WORK TO COMPLETE: What follows is a listing; repeat exactly, and only, its lines from the one holding "Hummus, or chickpea" through the last, leaving any pictures out.

DATA EXCERPT:
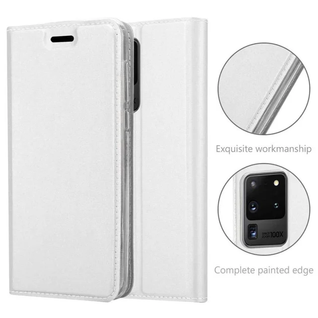 CADORABO Samsung Galaxy S20 ULTRA v klasično srebrno - Zaščitni ovitek z magnetnim zapiranjem, stoječo funkcijo in režo za kartice
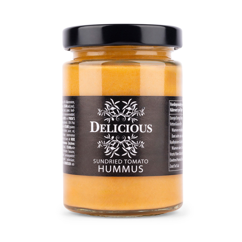 Hummus, or chickpea paste 100% natural with sun dried tomatoes. Without any additives it is ideal as a spread or as a snack with vegetables or grissini. You can also add it to other dishes such as pasta and salads.
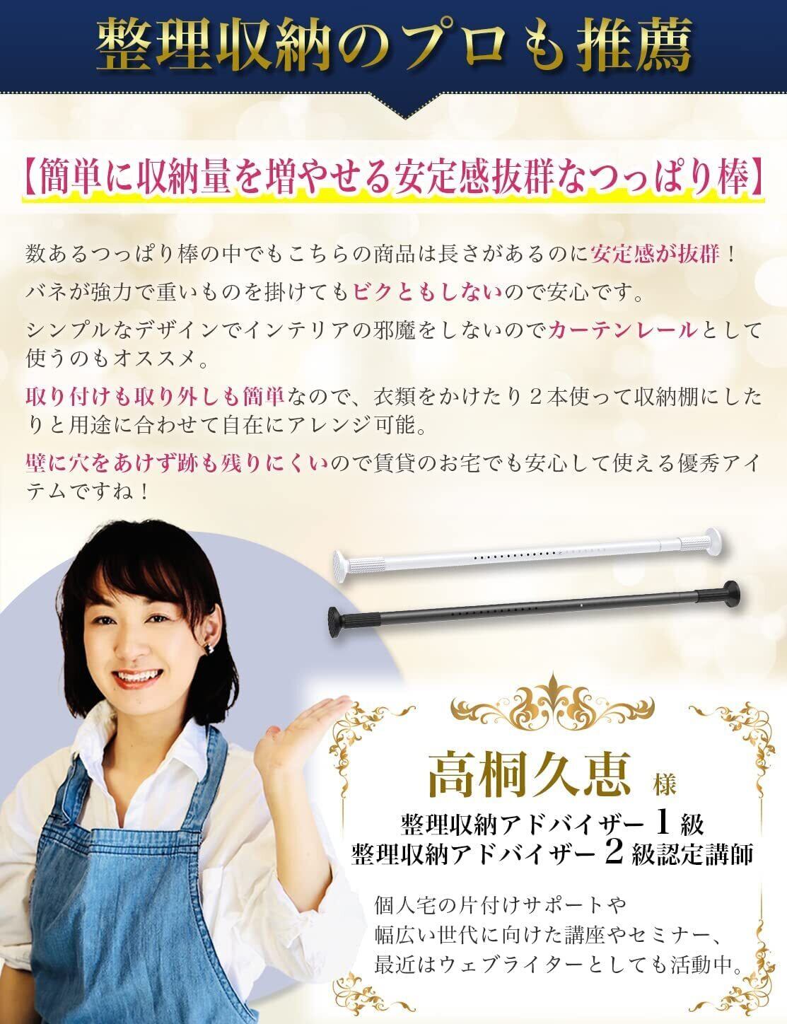 簡単に取り付けられる強力突っ張り棒! カーテンレール・キッチン・クローゼット・玄関などの収納にもオススメ。 √好きな場所に収納スペースを作れる。 √空間を有効活用するスタイル。 √おしゃれな色味で、お部屋にすっと馴染む。

RESPONSE AREA:
 Hummus, or chickpea paste 100% natural with sun dried tomatoes. Without any additives it is ideal as a spread or as a snack with vegetables or grissini. You can also add it to other dishes such as pasta and salads.
 簡単に取り付けられる強力突っ張り棒! カーテンレール・キッチン・クローゼット・玄関などの収納にもオススメ。 √好きな場所に収納スペースを作れる。 √空間を有効活用するスタイル。 √おしゃれな色味で、お部屋にすっと馴染む。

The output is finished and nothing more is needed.